However, I don't have the expertise to answer how vulnerable Qubes boot is to such a Kubuntu owning, nor whether a Maid or USB attack under Kubuntu could impact Qubes.

Seems prudent to execute one's favourite boot checksum verification process - you're still owned, but at least you find out that you are.

Certainly a good question - a link in the article to the answer of which would be appreciated.

"how about running Qubes from a USB 3.0 drive, which you remove when using Ubuntu (or whatever other OS is on the computer’s internal disk)?"

Speed. And ... you've disabled all but internal hard drive boot, and passworded the BIOS, already, right? i.e. No USB boot permitted. Else ... Maid vulnerability exists - what's to say some other malicious USB isn't booted without your knowledge, infecting boot ... owning both Ubuntu and Qubes later. Unknowingly.

Micah Lee

December 12, 2015 05:13 PM

If you're dual-booting Ubuntu and Qubes, and an attacker has owned your Ubuntu, they can modify your Qubes's /boot to do an evil maid attack. Specifically, they can replace the cryptsetup binary with a malicious one. So the next time you boot into Qubes and it asks you to type your encryption passphrase, you'll be typing that into the attacker's program rather than the legit one.
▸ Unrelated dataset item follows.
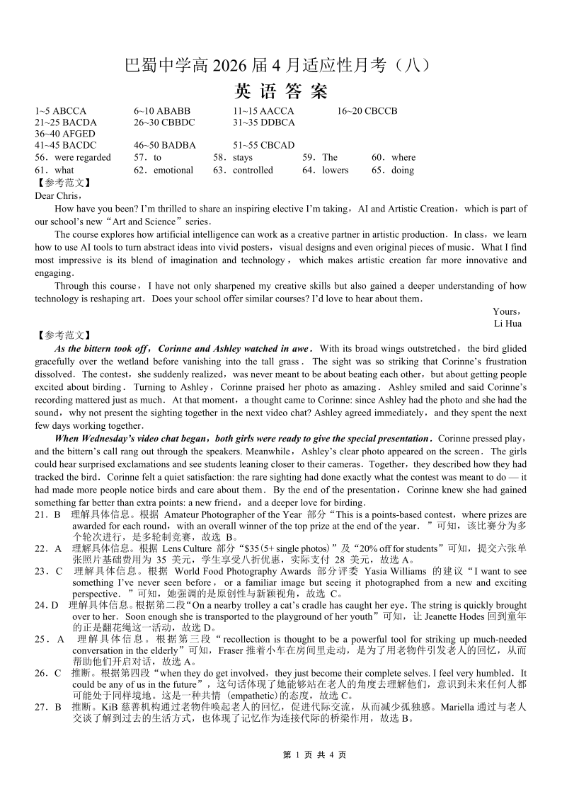 巴蜀中学2026届高考适应性月考卷(八)英语答案.pdf

If you store Qubes's /boot on removable media like a USB stick, then this won't be possible. However it might be possible for the attacker to update your BIOS firmware from Ubuntu, which could then spy on any OS you use on that hardware, including Qubes.


November 1, 2014 03:26 PM

Have you ever thought of doing a post or video on how to install qubes with the most secure settings for journalists when they are not using TAILS? How to set up NETVMs for a VPN, TOR, and how to route them to each APPVM etc? I'd seriously send you $100 bucks if you did ha.

Tony R.

April 21, 2015 04:35 PM

How does one pronounce "$100 bucks"? Is it one hundred dollars-bucks, or is it one hundred bucks-bucks?


April 23, 2014 08:35 PM

typo: menuenty "Ubuntu" {

should be: menuentry "Ubuntu" {


April 24, 2014 11:56 AM

Thanks, fixed.


May 15, 2015 06:37 AM

Hey, thanks a lot for this! I've just installed Qubes R3 and Ubuntu 14.04 LTS with dual-boot and it worked fine.


February 4, 2016 12:31 PM

I am installing Ubuntu 14 and qubes r3 on an external USB HDD. I partitioned a 2tb HDD with /root then ubuntu ext4 1tb, then unallocated space, then 500 gb fat32 /dos.
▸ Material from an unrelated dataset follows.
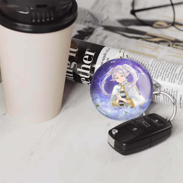 خندالو جاکلیدی انیمه فریرن (Frieren) را با استفاده از روکش سلفون حرارتی مات مخملی ضدخش تولید می کند که خاصیت ضدخش بودن آن، کمک میکند تا عمر مفید استفاده از جاکلیدی ها افزایش پیدا کند و با یک خراش ساده مثل برخورد سطح ناخن با محصول، دچار و خط و خش نشود.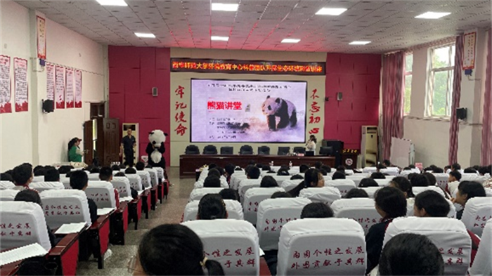 四川省科学技术厅软科学研究项目负责人权秋梅教授主讲的“水质净化,神奇的沉水植物”,主要讲述了沉水植物形态结构对水环境的适应性及其水质净化过程,号召同学们节约用水、珍惜水资源。四川省社科普及基地专项活动项目负责人王碧霞副教授主讲的“熊猫讲堂”,从大熊猫与猫、大熊猫与小熊猫、大熊猫与熊三个方面,结合其生物分类、分布区域、外观特征、饮食习惯等开展保护大熊猫的科普知识,号召同学们保护生物多样性、共建美丽中国。

I installed ubuntu without any problems. When installing Qubes all goes well, it finds the 500gb free space and starts installing until it gets to Dom0 making the swap partition and it crashes. I do not use a swap partition in Ubuntu. Apparently there is some bug with going without a swap partition in Qubes or making it on an external usb hdd. Can I manually partition Qubes to install without a swap partition? Or anyother solution?



February 4, 2016 12:34 PM

/boot, not /root


December 12, 2015 04:17 PM

" the GUI partitioning tools don’t make it simple to encrypt your swap with the same key that you use to encrypt your root partition."

  • but do you need to?

By your / a reasonable argument, you don't need swap to boot. But you could turn it on after boot, automatically / scripted even - and have it use a different key.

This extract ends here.